When writing your resume, review the job description to understand and identify collaborative skills desirable for a job role. Also, understand how much collaborative work the job entails. This can help you highlight your skill set in your resume and share examples of when you worked collaboratively with others. You can present the cooperation skills in the skills section as bullet points or list them under the work experience section as a part of your job duties.

You can even mention it as a part of your resume summary. Some desirable and most sought-after skills are conflict management, communication, adaptability, organizational skills, and emotional intelligence.

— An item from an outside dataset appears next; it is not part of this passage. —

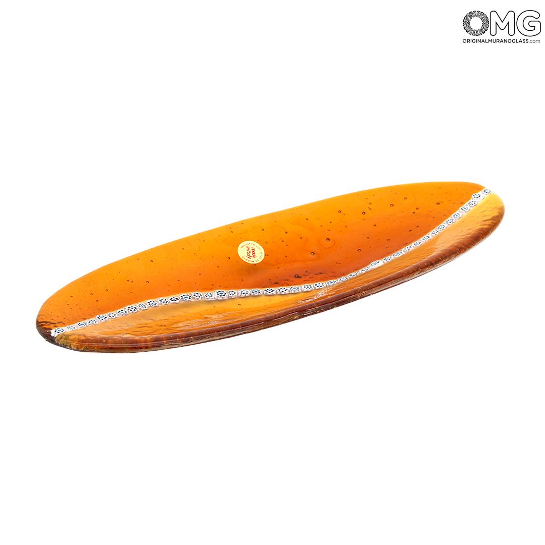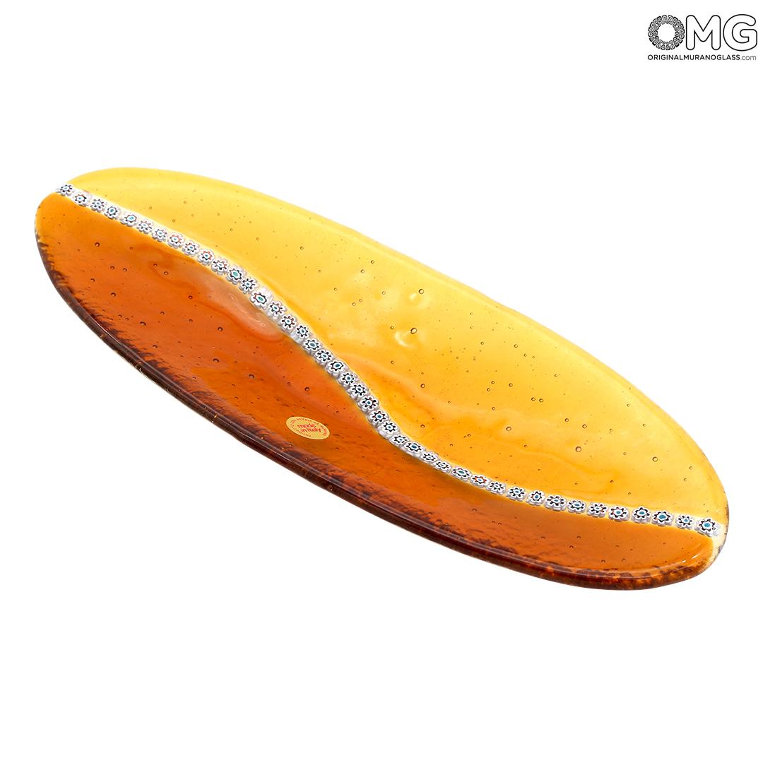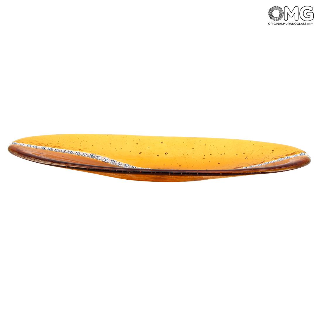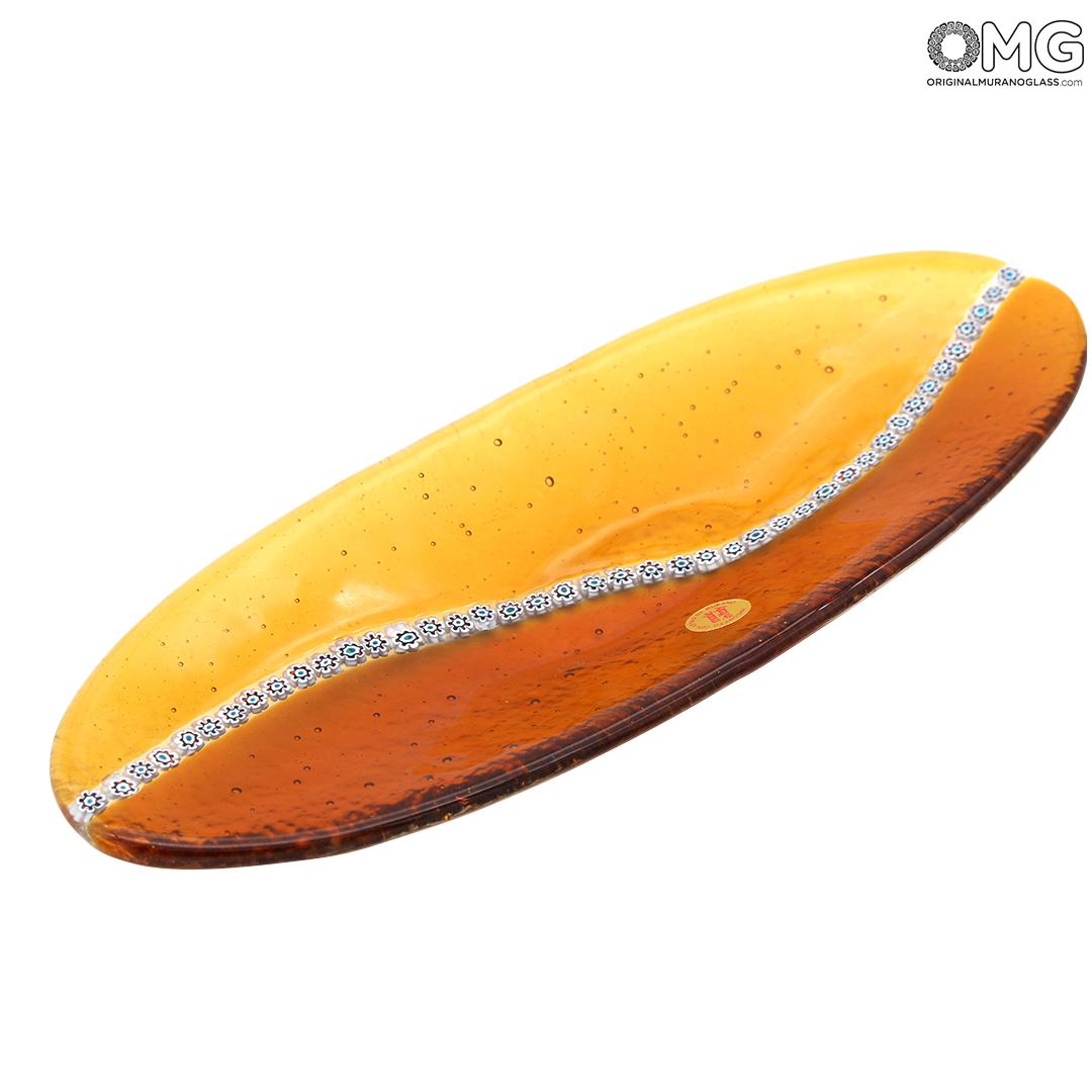 Millefiori-Teller in Bernstein – geschmolzenes Glas – Leere Taschen
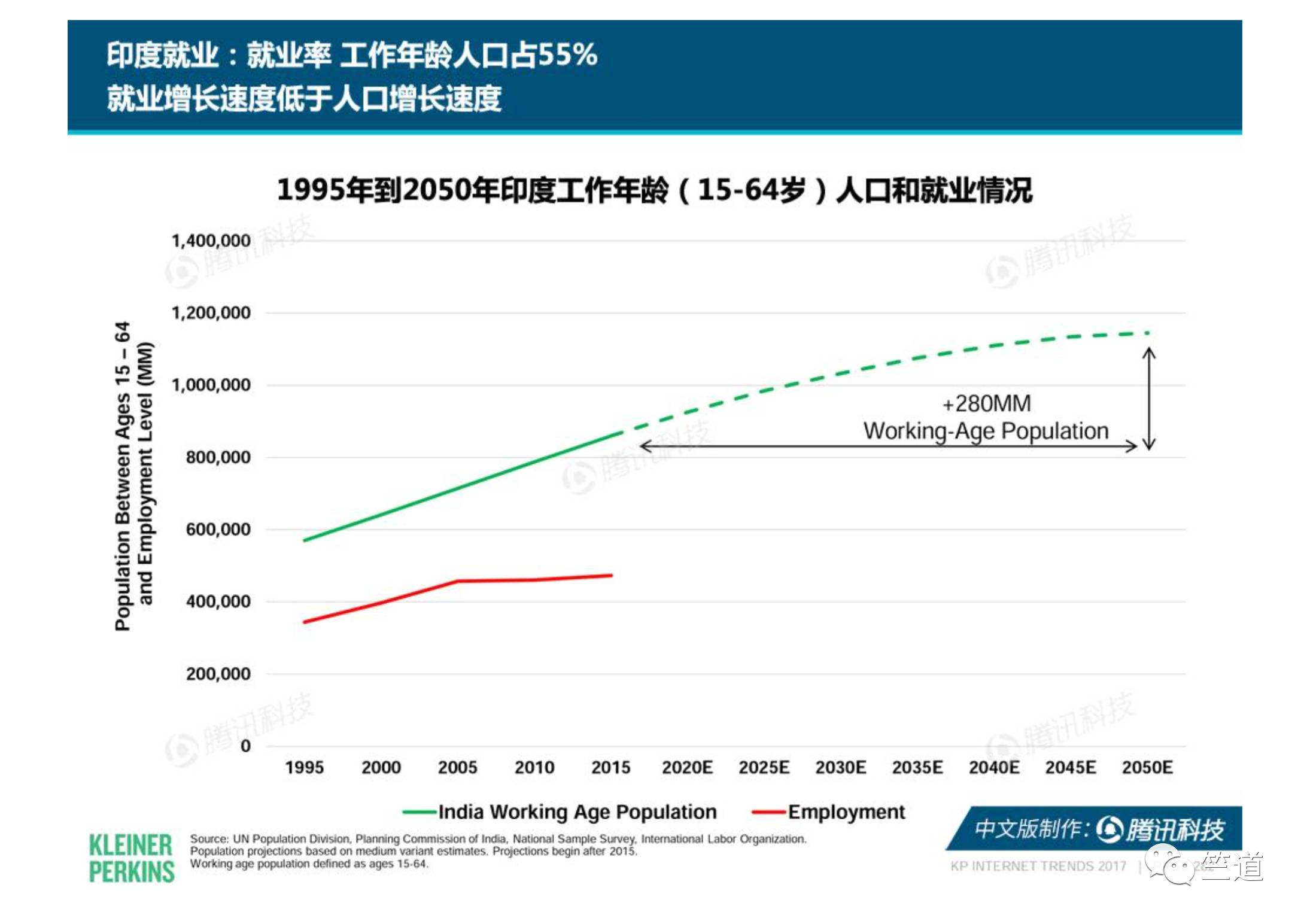 上圖為互聯(lián)網(wǎng)女王陳訴,顯示印度印度就業(yè)崗位增加速度明顯低于就業(yè)人口增加的數(shù)量

  • Established and coordinated daily stand-up meetings with the Agile team to understand the project's status

  • Worked collaboratively with the marketing team to grow the existing customer base by 25%

2. On your CV

A CV that mentions accolades and recognition relating to exceptional collaboration in a previous role can capture the attention of potential employers. So, identify skills you have that align with the job requirement and write them in your CV. You can even provide a list of skills to help an employer understand you can facilitate collaboration and cooperation in the workplace.


  • A reliable and responsible individual who can work under stress and willingly adapt to changing work environment

  • Dedicated and motivated team member

Related: CV Template: Importance, Components And Example

3. During your interview

For job roles that require you to work in a collaborative workplace, come to the interview prepared with specific examples of times when you used your collaborative skills to complete job-specific duties. Provide evidence that you enjoy and are good at working as a part of a team. You can even describe situations where you resolved disagreements between colleagues to ensure the project's timely completion.

Apart from giving examples from the past, show your skills to the interviewer during the interview. By actively listening and communicating clearly, you can convince an interviewer that you are a suitable candidate for the job.